Unpacking the 800,000th crystal structure

As I write, the CSD now contains 801,590 entries and you can see from our recent announcement, that the 800,000th entry to be added is a di-copper paddle wheel structure containing a uracil derivative published by colleagues in Spain. 

The addition of this milestone structure inspired me to look at how the database is evolving and how representative the 800,000th structure is of its current content.


The 800,000th entry in the CSD, refcode TUWMOP  published in DOI: 10.1021/acs.cgd.5b01110


Let’s start by looking at how the balance of organic and metal organic structures has changed over the years. If we delve into the depths of the CSD we can see that the first organic structure with 3D coordinates was determined back in 1935 ( PHTHCY01, METALD) followed just one year later by the first metal organic structure with 3D coordinates (NIPHTC). In the early days the CSD was clearly dominated by organic structures but today things look a little different with metal organic structures now accounting for 57% of the entries.


Graph of balance of metal organic to organic entries in the CSD


The first copper structure was reported back in 1933 (refcode ZZZPMY) and the first Cu structure with 3D coordinates was in 1952 with refcode CUAPRO.


Refcode CUAPRO: The first Cu structure in the CSD determined with 3D coordinates
 

Copper is popular in the world of X-ray structures, with over 7% of CSD entries containing Cu atom(s) and this rises to over 12% if we restrict ourselves to just looking at metal organic structures. And copper isn’t just popular with crystallographers determining structures it is also a regular search term for scientists searching for experimentally determined 3D structures.
 

A wordle of the most common compound names searched for through WebCSD


If we next look for carboxylate paddle wheel structures and restrict our search to carboxylates with four paddles we find 4,553 examples, with the publication in Crystal Growth and Design accounting for six of these structures. The first of these paddle wheels was determined way back in 1953 (refcode CUAQAC) and today paddle wheels make up just 1% of all metal organic structures. Once again copper is clearly the metal of choice, being involved in a third of published paddle wheels.
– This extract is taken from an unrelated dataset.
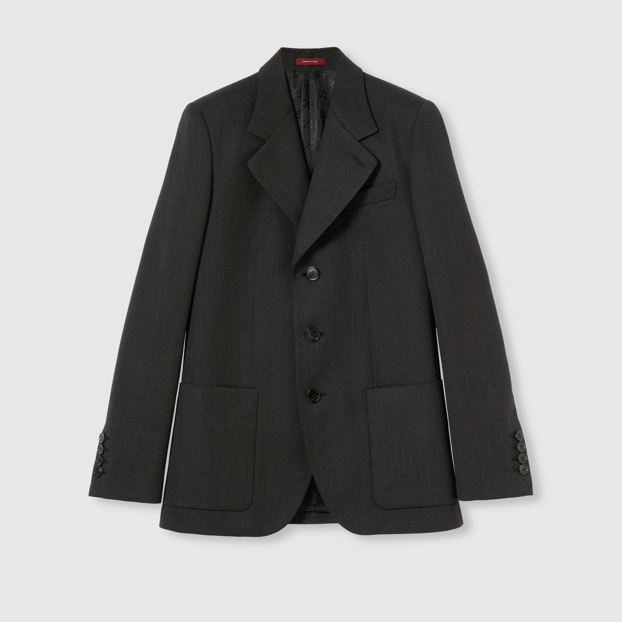 In the Fall Winter 2025 collection, tailoring embraces heritage codes with a contemporary touch. This single-breasted jacket features a notch lapel, front button closure and a structured silhouette. The design is completed by a chest welt pocket and two large patch pockets. - Dark grey wool mohair - Fully lined - Notch lapel - Chest welt pocket - Two front patch pockets - Buttoned cuffs - Button closure - Made in Italy

A pie chart showing the most common metals found in paddle wheel structures in the CSD
 

The CSD also enables us to examine properties of the crystal structures themselves. For example there are over 159,000 structures with an associated melting point data. In the publication describing the 800,000th entry the authors investigated the magnetic properties of eight compounds. The CSD has well over 7,000 structures described in associated publications as having magnetic properties and we can even delve further to see how many are antiferromagnetic.

Techniques in crystallography have also changed over the years. For example one of the structures published alongside the 800,000th entry has SQUEEZED solvent molecules. This structure, refcode TUWMIJ  demonstrates just how commonplace it is these days to use the SQUEEZE or MASK techniques for predominately highly disordered solvent molecules.  Over 7% of all CSD entries published have used SQUEEZE or MASK to account for disordered electron density in the structure.


A graph showing the rise of the use of SQUEEZE/MASK in the CSD


So let’s raise a glass to Hassanein et al for such an interesting structure no. 800,000 and say “thank you” to everyone who is contributing to the ongoing exponential growth of the CSD, including rapidly increasing numbers of Private Communications.  Now that every CSD entry gets a data Digital Object Identifier and is listed in resources such as the Thompson Reuters Data Citation Index we can make these otherwise unpublished structures, alongside those from journals like Crystal Growth and Design, available to the world.